What to produce: Reproduce the listing below character for character; drop every image.

Data provided:
::::

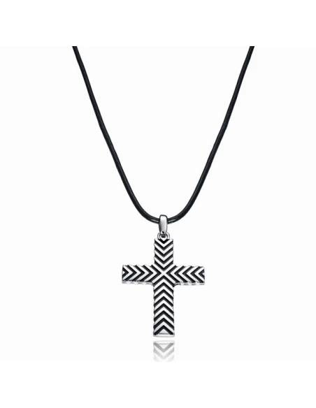 Cordon negro de 50 cm + 3 cm de alargador con cierre de mosqueton con colgante cruz.
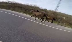 İstanbul Şile otoyolunda ilerleyen motosikletlilerin kask kamerasına ilginç bir görüntü yansıdı. Otoyolda seyir halinde olan motosikletli grubun önüne yol üzerinde koşan üç at çıktı. Başıboş şekilde koşan atlarla karşılaşan motosikletliler bir anda neye uğradığını şaşırdı. Daha sonra atları yoldan çekmek isteyen motosikletliler, atların yanına ve önüne geçerek hayvanları kontrol altına almaya çalıştı.
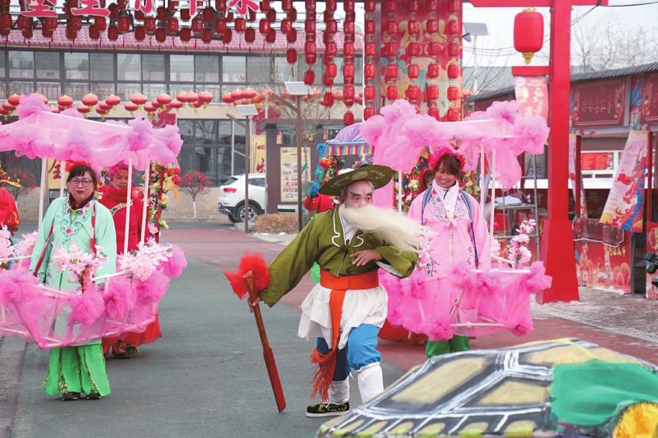 “堡里有年味·回村过大年”活动中,划旱船等表演深受游客欢迎
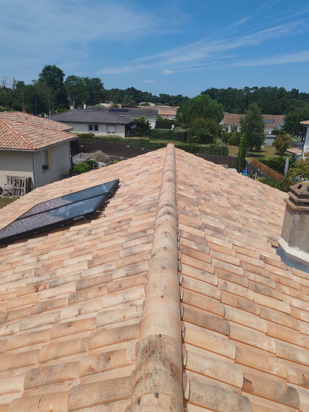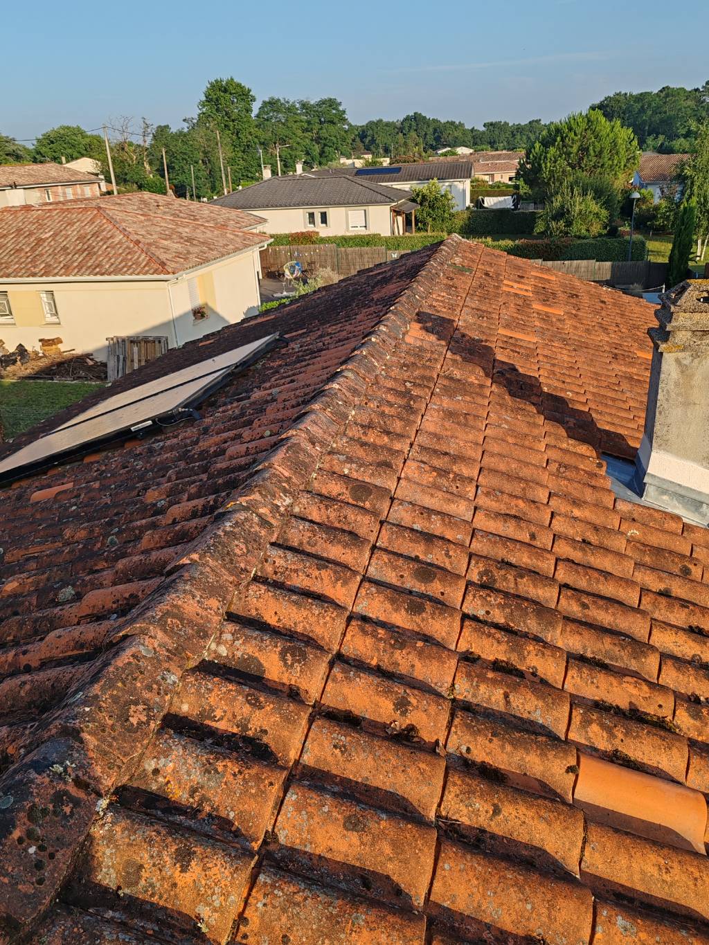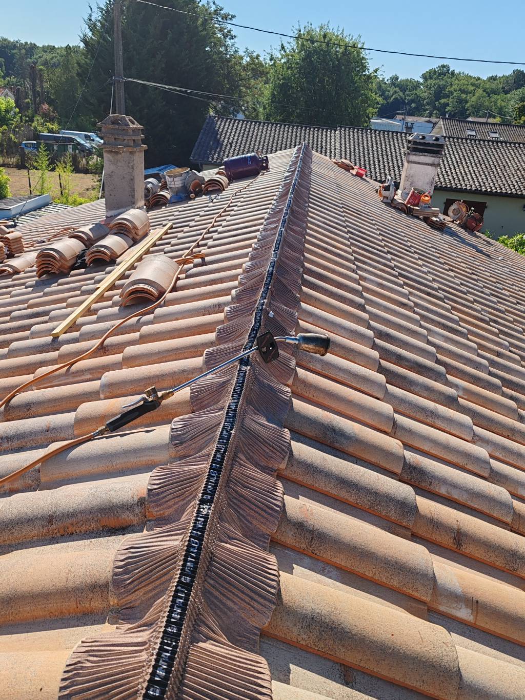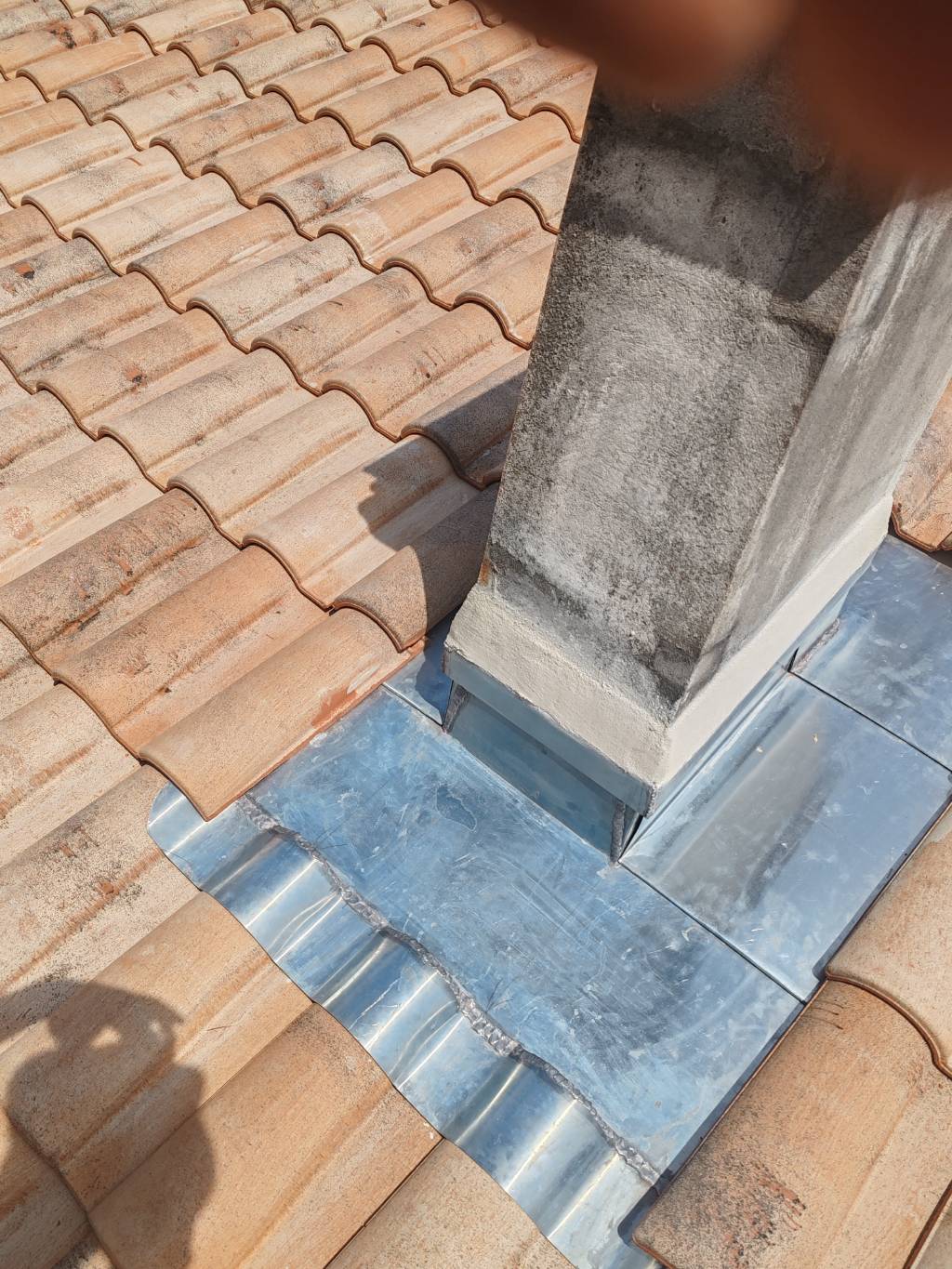 Nous avons solutionné la fuite dans un premier temps (entourage de cheminée) avec des mesures conservatoires en attendant le début du chantier qui nous a permis de faire une réfection complète, la tuile existante étant en fin de vie (Gélive).

::::

Solution to the exercise:
 Cordon negro de 50 cm + 3 cm de alargador con cierre de mosqueton con colgante cruz.
 İstanbul Şile otoyolunda ilerleyen motosikletlilerin kask kamerasına ilginç bir görüntü yansıdı. Otoyolda seyir halinde olan motosikletli grubun önüne yol üzerinde koşan üç at çıktı. Başıboş şekilde koşan atlarla karşılaşan motosikletliler bir anda neye uğradığını şaşırdı. Daha sonra atları yoldan çekmek isteyen motosikletliler, atların yanına ve önüne geçerek hayvanları kontrol altına almaya çalıştı.
 “堡里有年味·回村过大年”活动中,划旱船等表演深受游客欢迎
 Nous avons solutionné la fuite dans un premier temps (entourage de cheminée) avec des mesures conservatoires en attendant le début du chantier qui nous a permis de faire une réfection complète, la tuile existante étant en fin de vie (Gélive).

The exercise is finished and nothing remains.